Four representative algorithms were selected for regression model construction: PLSR, support vector regression (SVMR), random forest regression (RFR), and Bayesian linear regression (BLR). During model construction, the hyperparameters of each model were determined using fivefold cross-validation and a grid search, and the mean squared error (MSE) was used as the evaluation metric.

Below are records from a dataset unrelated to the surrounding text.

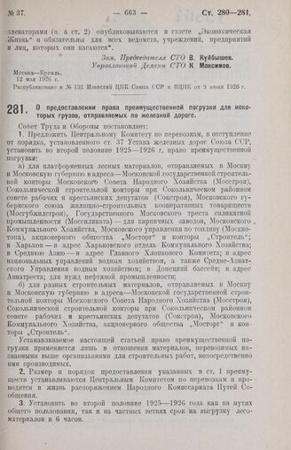 Постановление Совета Труда и Обороны. О предоставлении права преимущественной погрузки для некоторых грузов, отправляемых по железной дороге. 22 мая 1926 г.
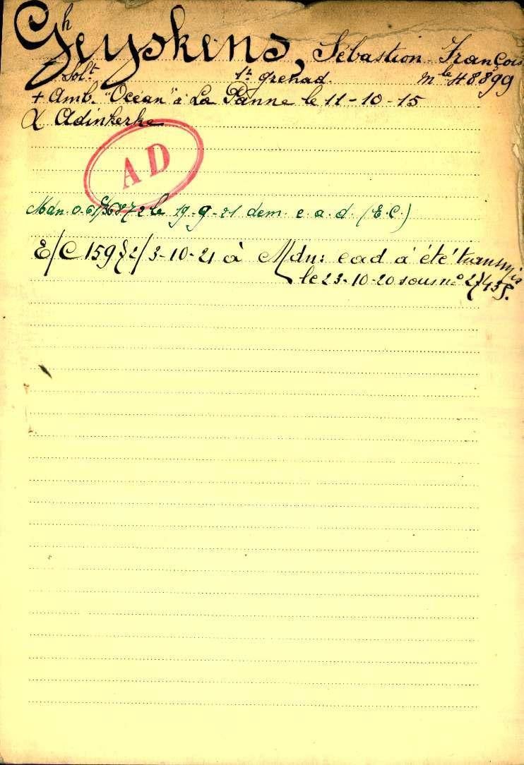 Plaats overlijden: De Panne, veldhospitaal l´Océan
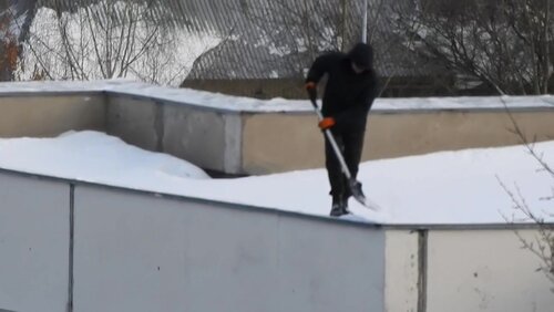 Уборка снега с крыши здания
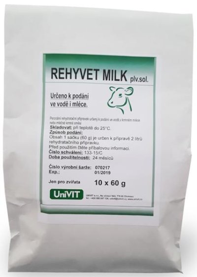 REHYVET MILK je schválený veterinárny prípravok, je účinným riešením problémov dehydratácie a acidózy vzniknutej pri hnačkových ochoreniach u teliat. Vďaka použitému citronanu je možné kombinovať liečbu spolu s napájaním mliekom. Tým sa do tela teľaťa dopraví dostatok energie a bielkovín, ktoré aj poškodené črevo je schopné aspoň čiastočne vstrebať a tráviť. Po aplikácii pripraveného roztoku dochádza k rýchlemu vyrovnaniu straty vody, sodíkových a draselných iónov a energie. Citronan sodný slúži v tele ako zdroj bikarbonátu a kompenzuje tak metabolickú acidózu vznikajúcu pri hnačkových ochoreniach. Glukóza ako zdroj pohotovej energie je nevyhnutná aj na resorpciu elektrolytov a vody z tenkého čreva. Probiotiká, obsiahnuté v prípravku, zlepšujú rovnováhu črevnej mikroflóry, podporujú jej rast. Tým dochádza k potlačovaniu škodlivých mikroorganizmov a tiež k zvýšeniu odolnosti črevnej mikroflóry. Chlorid draselný a sodný nahrádzajú stratu sodíkových a draselných elektrolytov. Dehydratácia organizmu (ľahký a stredný stupeň), hnačkové ochorenia teliat.

To avoid instability in the model estimation and bloating of model input parameters caused by strong correlation between the many input features, we selected 5% of the bands with the highest correlation with GPC values. Recursive feature elimination was then employed to further streamline the features, and the optimal feature combination was determined. Finally, the GPC estimated models were constructed using the full-band WFs and the sensitive features from the different training sets.

Accuracy assessment

Independent validation was conducted to evaluate the transferability and predictability of the GPC estimation models. The models were evaluated using the coefficient of determination (R²), root mean square error (RMSE), and relative root mean square error (RRMSE).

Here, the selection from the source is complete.